• WORK ORDER
Transcribe all of the data exactly. Omit the pictures.

• INFORMATION SHOWN
[Start of section]

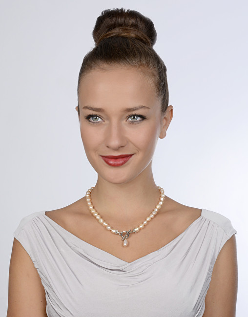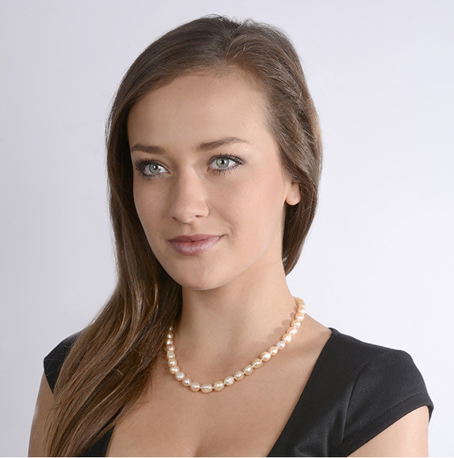 Qafore elegante për femra nga marka e njohur JwL. Është përpunuar nga metali me sipërfaqe me shkëlqim, dekoruar me perla natyrale me ngjyrë rozë dhe mbërthim interesant që bie në sy. Ky aksesor atraktiv vjen me gjatësi 46 cm, perlat kanë gjërësi 1 cm dhe peshon afërsisht 46 g. Për një dukje që nuk kalon pa u vërejtur, vetëm për juve nga JwL.
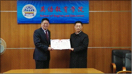 讲座结束时,董金伟向冯安伟教授授予“广东外语外贸大学客座教授”荣誉证书。
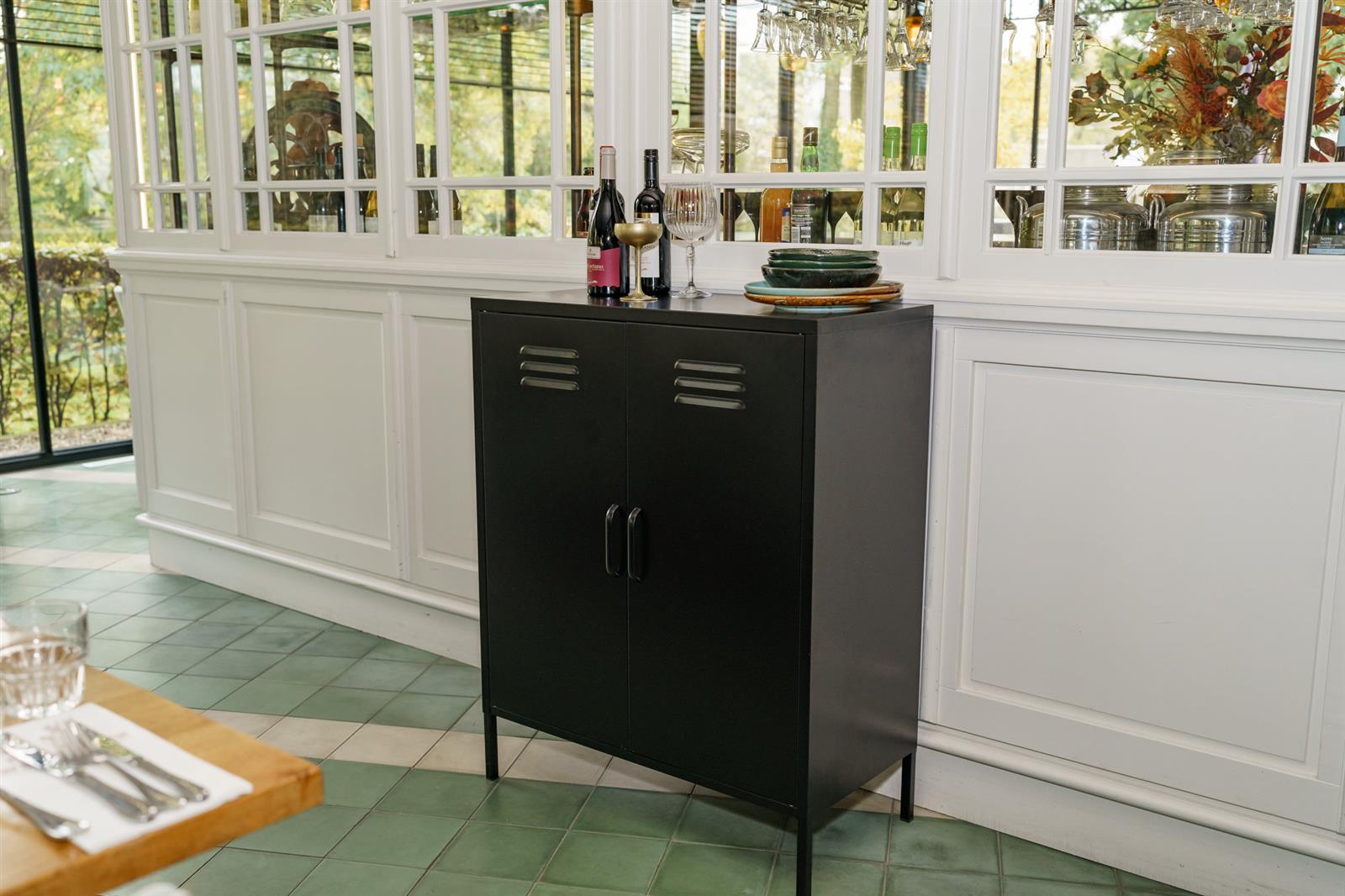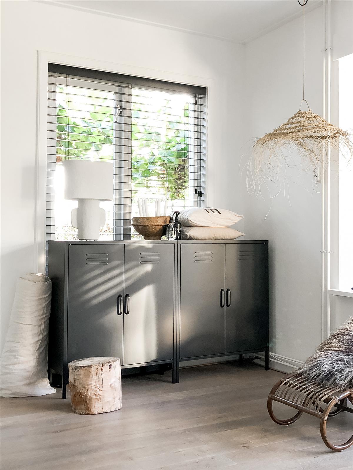 De lockerkast is enorm praktisch omdat je er veel spullen in kwijt kan en door zijn mooie kleur vrolijkt hij elk interieur op. De brede platte bovenkant van de kast biedt perfect de ruimte om je favoriete decoraties of planten neer te zetten. Nog een mooi vloerkleed eronder en het plaatje is compleet.

[End of section]

• OUTPUT FOR THIS TASK
 Qafore elegante për femra nga marka e njohur JwL. Është përpunuar nga metali me sipërfaqe me shkëlqim, dekoruar me perla natyrale me ngjyrë rozë dhe mbërthim interesant që bie në sy. Ky aksesor atraktiv vjen me gjatësi 46 cm, perlat kanë gjërësi 1 cm dhe peshon afërsisht 46 g. Për një dukje që nuk kalon pa u vërejtur, vetëm për juve nga JwL.
 讲座结束时,董金伟向冯安伟教授授予“广东外语外贸大学客座教授”荣誉证书。
 De lockerkast is enorm praktisch omdat je er veel spullen in kwijt kan en door zijn mooie kleur vrolijkt hij elk interieur op. De brede platte bovenkant van de kast biedt perfect de ruimte om je favoriete decoraties of planten neer te zetten. Nog een mooi vloerkleed eronder en het plaatje is compleet.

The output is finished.